「プライベートコンサートを依頼したいのですが、どんな準備が必要ですか」という質問を、年に何度か受ける。答えるたびに、もう少し丁寧に説明できる場所があればいいと思っていた。ここに書いておく。

場所について

ピアノを運び込める場所であれば、基本的にどこでも対応できます。玄関の幅が90センチ以上あれば、グランドピアノの搬入は可能です。それより狭い場合は、チェンバロかグランドハープを代わりに使います。床の強度については、事前に確認させてください。1922年製のベヒシュタインは約300キログラムあります。

プログラムの決め方

依頼者の方に事前にいくつか質問します。好きな作曲家、嫌いな作曲家、その場の雰囲気、聴衆の年齢層、演奏時間の希望。それをもとに私がプログラムを組み立てます。「全部お任せします」という依頼が、実は最も自由で、いい演奏になることが多い。

当日の流れ

演奏の2〜3時間前に到着し、ピアノの設置と調律を行います。調律師は毎回同じ方(長野の田中ピアノ工房)に依頼しています。調律が終わったら、私は一人で30分ほど弾いて、その空間の音響を確かめます。演奏は約75分(休憩込み)。終演後は、ご希望があれば少しお話しします。

費用について

基本料金はプライベートコンサートが¥180,000より、野外コンサートが¥220,000よりです。

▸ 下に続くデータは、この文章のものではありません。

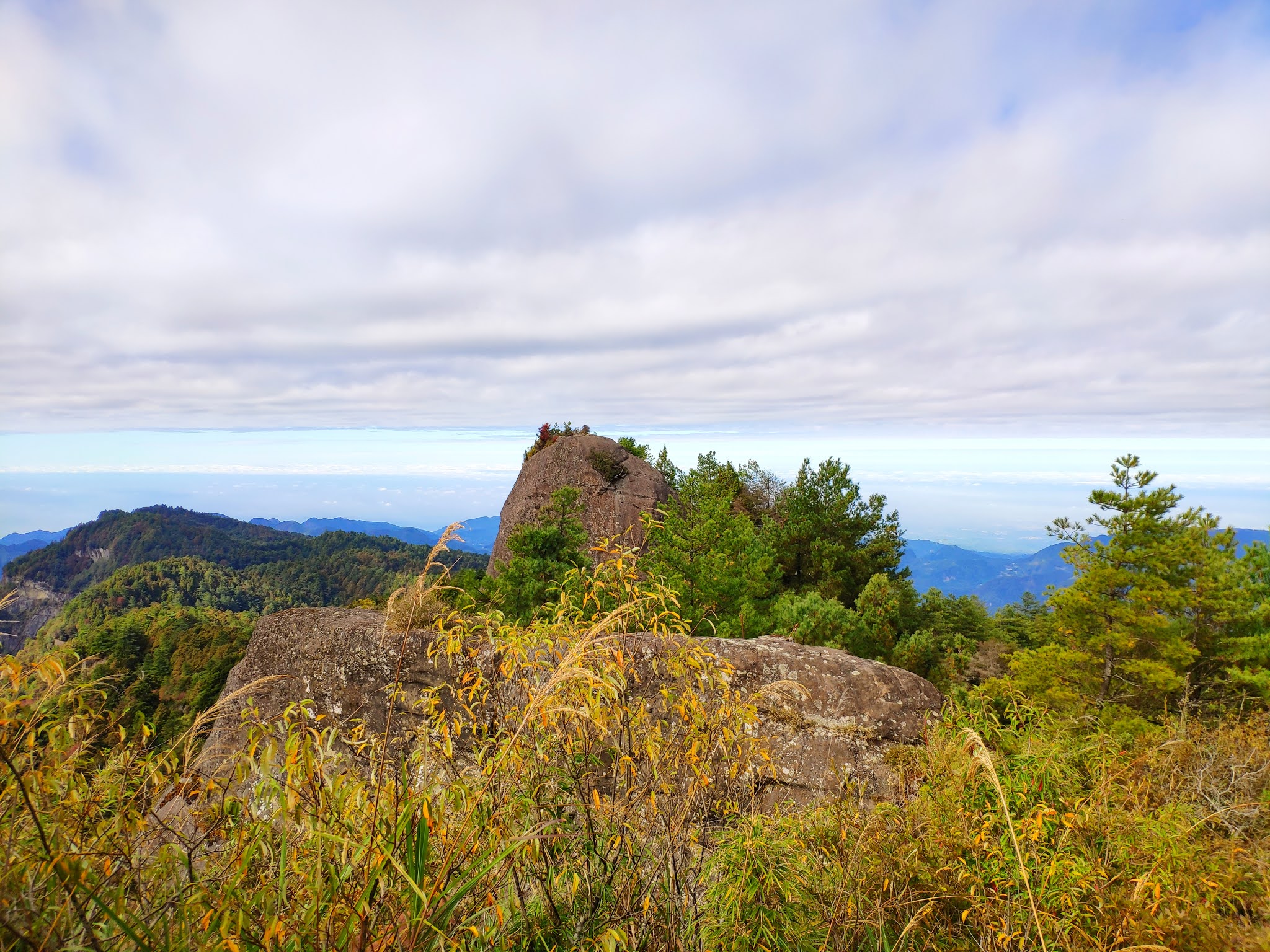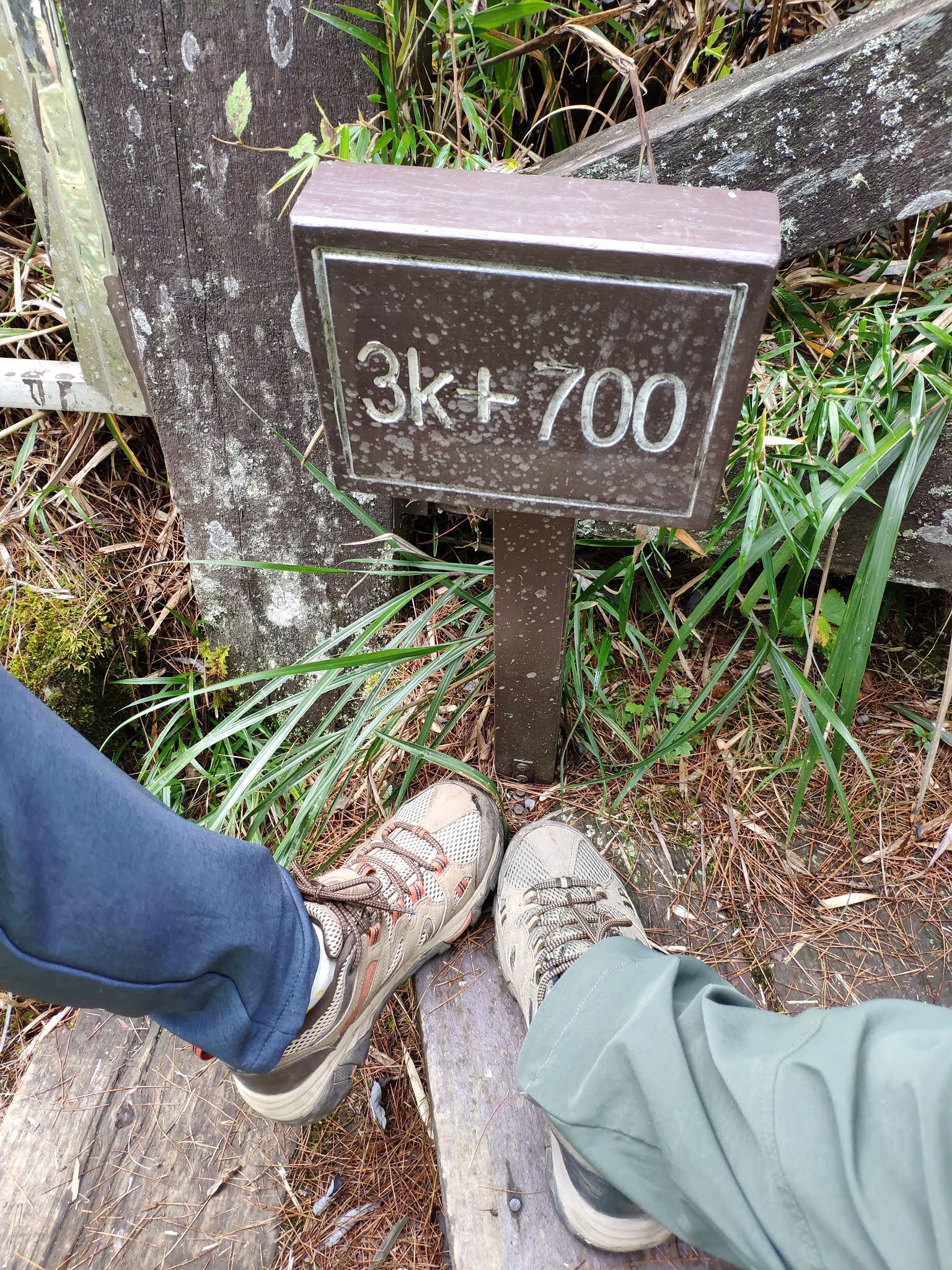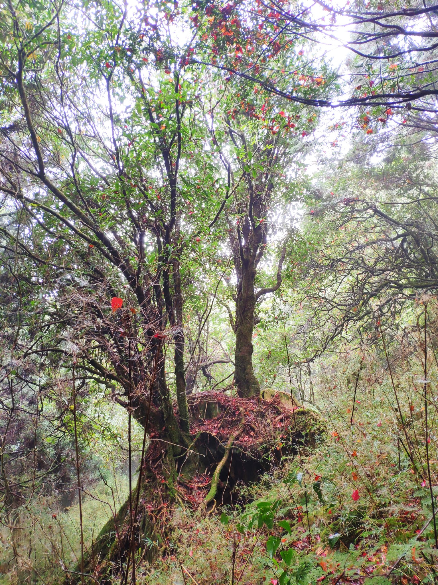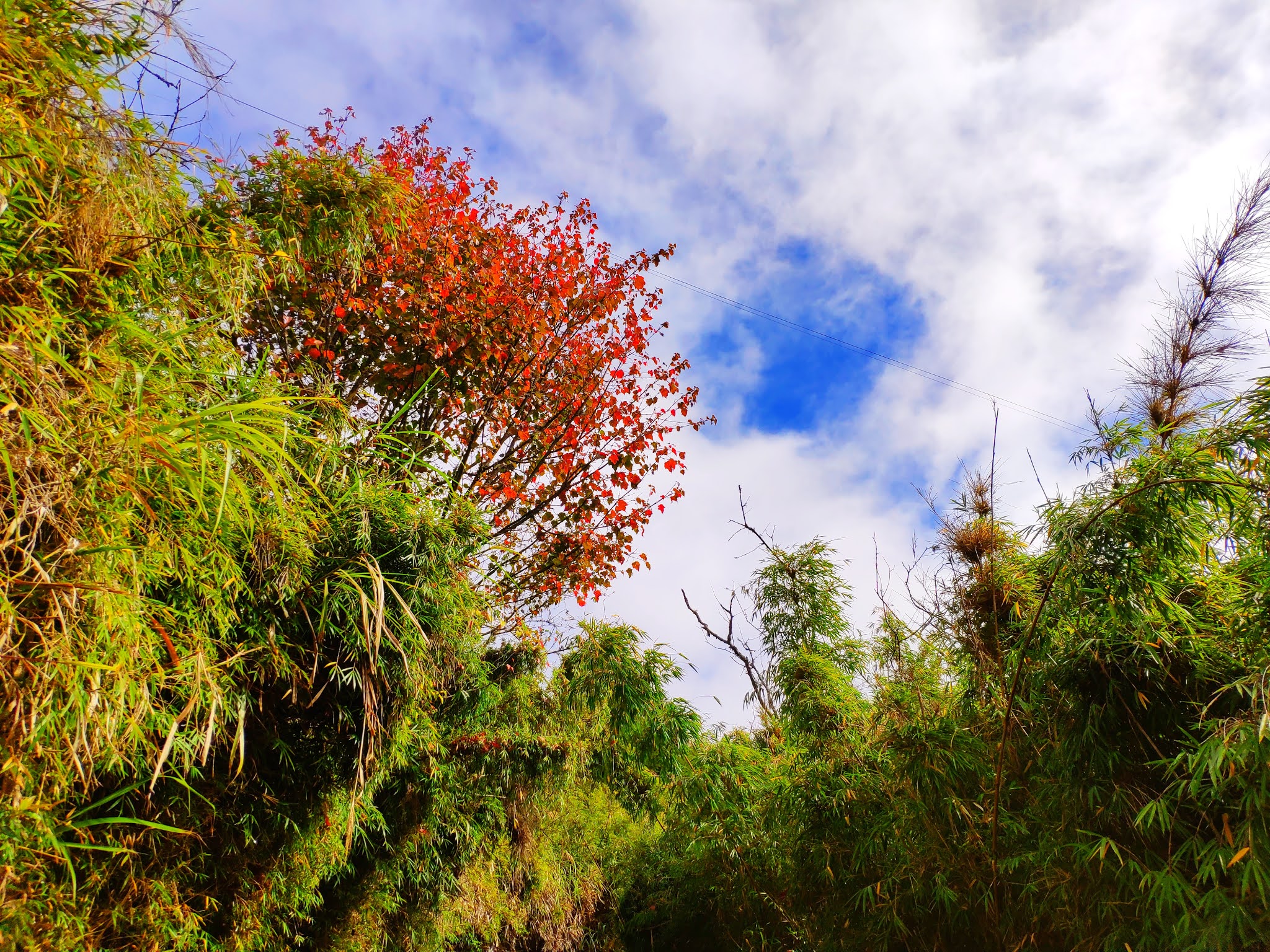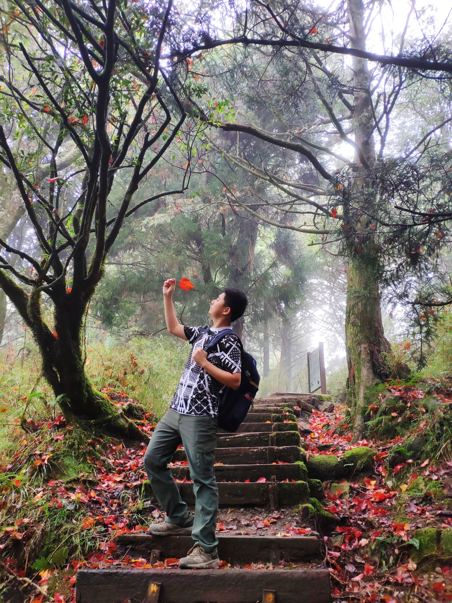後面1.7公里的路程是一路陡上,階梯眾多,但只需要配合自身體力、調節呼吸,最終便能抵達山頂。沿路的楓葉紅一塊、黃一塊,充滿麥當勞色系的楓葉地毯,值得令人駐足許久,說到這裡肚子好餓。途中會經過二代木紅檜,很適合拍照留念。塔山的山頂無基點,但是天氣放晴時展望良好。

移動距離、楽器搬入の条件、演奏時間によって変わります。東京都内であれば移動費は基本料金に含まれます。関東圏外の場合は別途ご相談ください。お見積もりは無料です。

プライベートコンサートは、一度やってみると「またやりたい」と思う方が多い。それは、音楽が場所と人に合わせて変わるからだと思う。同じ曲でも、その部屋で、その人たちと聴くと、全く違う音楽になる。